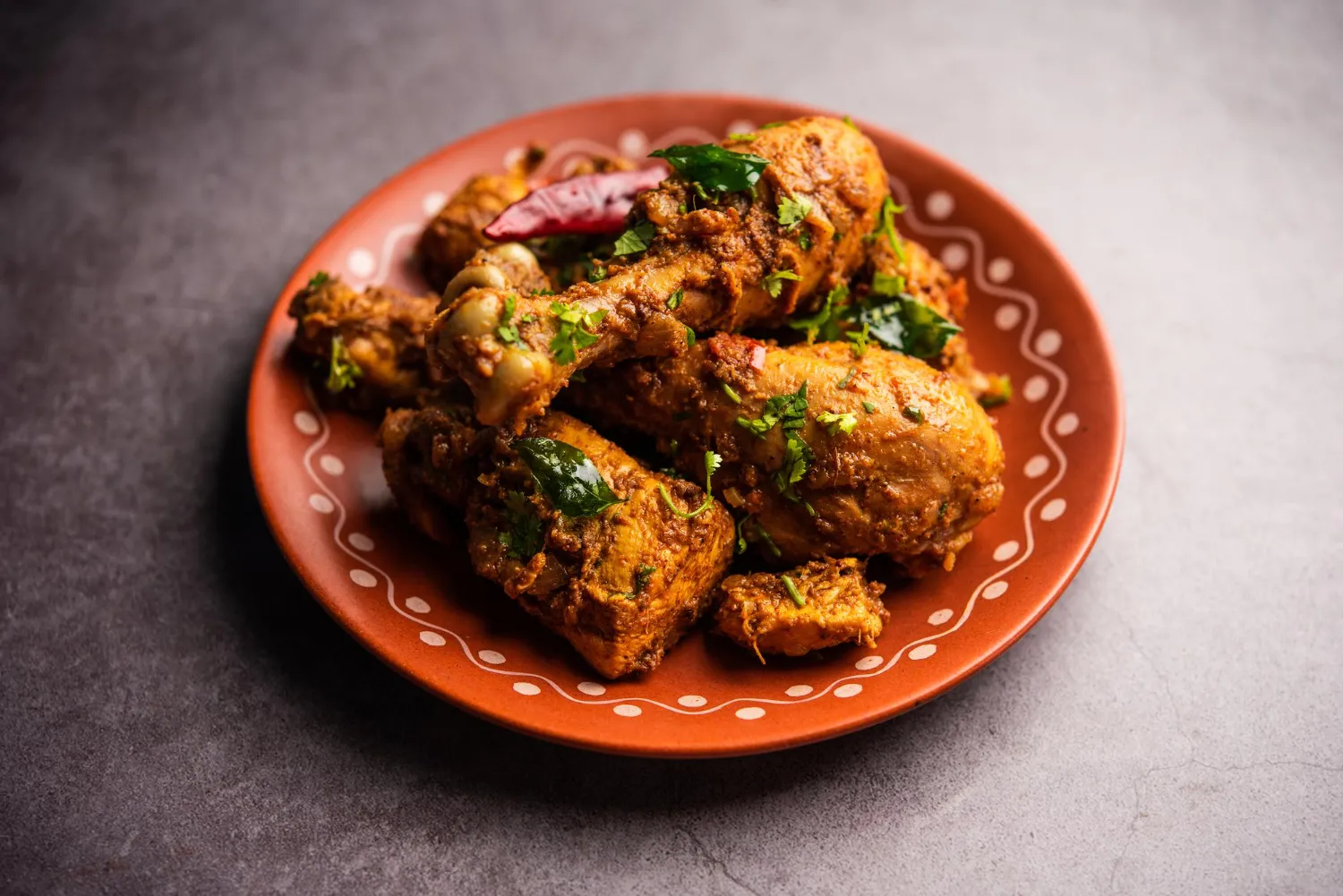 Chicken cooked with flavourful spices, curry leaves, and chili's in yougurt based sauce.
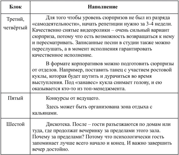 Банкет. Если регистрация – это официальная часть, где «всё серьёзно», то на банкете можно расслабиться. Делится он, как правило, на 5—6 блоков. Один блок – 45 минут. Логика проста: ровно столько минут комфортно, чтобы человек воспринимал информацию и не «уплывал» мыслями в постороннее, далее нужна перезагрузка, отдых. После каждого блока устраиваем 15-20-минутный перерыв. Первые 4—5 блоков – торжественная часть под управлением ведущего, финальный блок – дискотека.
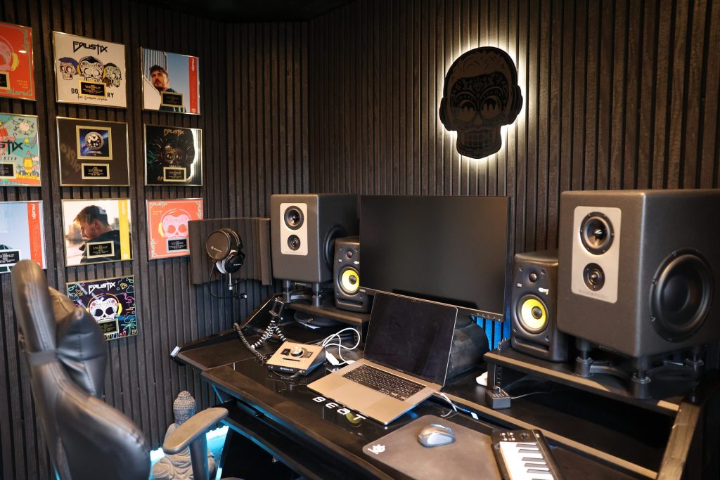 During our interview with Faustix in his home studio, we couldn’t help but notice that his living room is just 30 meters away, while his bedroom is a mere 40 meters away.
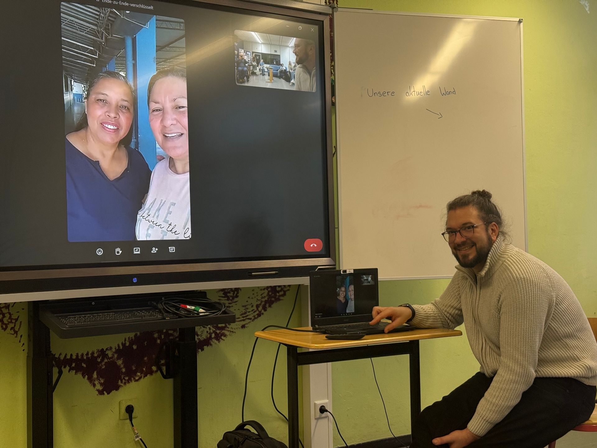 Am Freitagnachmittag, 5.12., trafen sich einige Mitglieder der Eine-Welt AG Fairständnis zusammen mit ihren Lehrern Frau Seidler, Herrn Thimm und Herrn Janßen zu einer ersten Videokonferenz mit den beiden Lehrerinnen Carmen Ventura und Estela Guardado aus unserer Partnerschule, dem Centro Escolar in Nueva Esperanza / El Salvador. Vorbereitet und übersetzt wurde die Videokonferenz dankenswerterweise von Herrn Thimm.
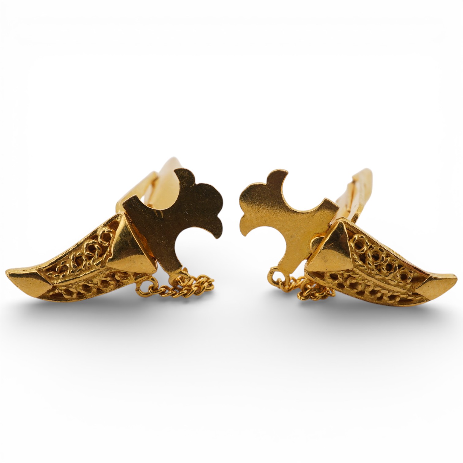 A pair of gold cufflinks, Middle Eastern, each designed as a 'jambiya' dagger in sheath, in gold, length 2.4cm, assay marks, stamped 875, combined gross weight approximately 10.5 grams
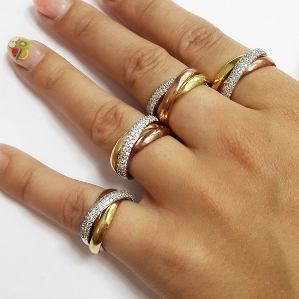 There is also a solid model, traditionally consisting of golden stripes of three colors, in the center of which a diamond sparkles.
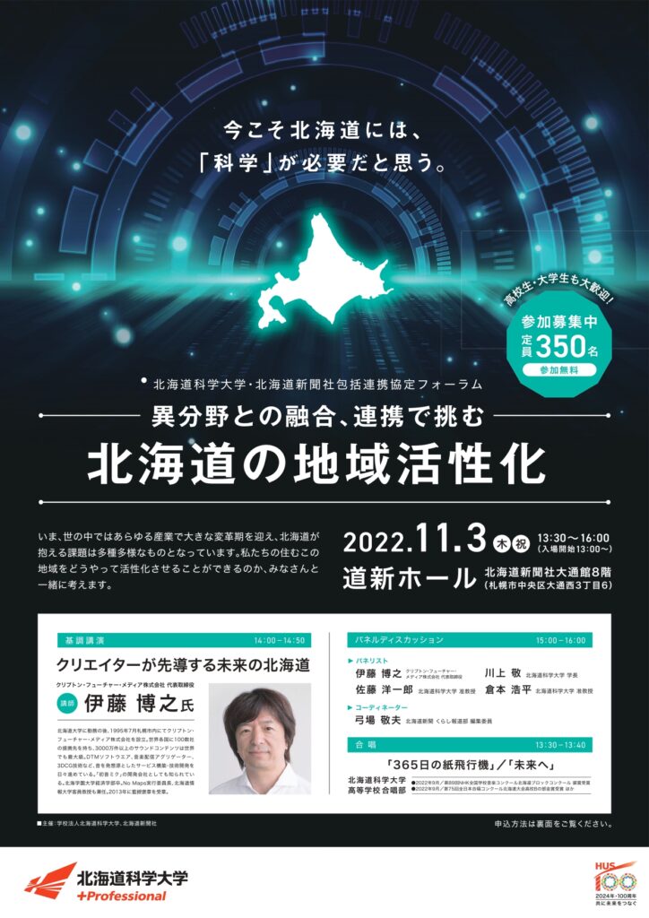 【100周年記念事業】北海道新聞社との包括連携協定フォーラムのお知らせ

┄┄┄┄┄┄

What this task involves:
A verbatim copy of the records above, without pictures, is required.

Task solution:
 Chicken cooked with flavourful spices, curry leaves, and chili's in yougurt based sauce.
 Банкет. Если регистрация – это официальная часть, где «всё серьёзно», то на банкете можно расслабиться. Делится он, как правило, на 5—6 блоков. Один блок – 45 минут. Логика проста: ровно столько минут комфортно, чтобы человек воспринимал информацию и не «уплывал» мыслями в постороннее, далее нужна перезагрузка, отдых. После каждого блока устраиваем 15-20-минутный перерыв. Первые 4—5 блоков – торжественная часть под управлением ведущего, финальный блок – дискотека.
 During our interview with Faustix in his home studio, we couldn’t help but notice that his living room is just 30 meters away, while his bedroom is a mere 40 meters away.
 Am Freitagnachmittag, 5.12., trafen sich einige Mitglieder der Eine-Welt AG Fairständnis zusammen mit ihren Lehrern Frau Seidler, Herrn Thimm und Herrn Janßen zu einer ersten Videokonferenz mit den beiden Lehrerinnen Carmen Ventura und Estela Guardado aus unserer Partnerschule, dem Centro Escolar in Nueva Esperanza / El Salvador. Vorbereitet und übersetzt wurde die Videokonferenz dankenswerterweise von Herrn Thimm.
 A pair of gold cufflinks, Middle Eastern, each designed as a 'jambiya' dagger in sheath, in gold, length 2.4cm, assay marks, stamped 875, combined gross weight approximately 10.5 grams
 There is also a solid model, traditionally consisting of golden stripes of three colors, in the center of which a diamond sparkles.
 【100周年記念事業】北海道新聞社との包括連携協定フォーラムのお知らせ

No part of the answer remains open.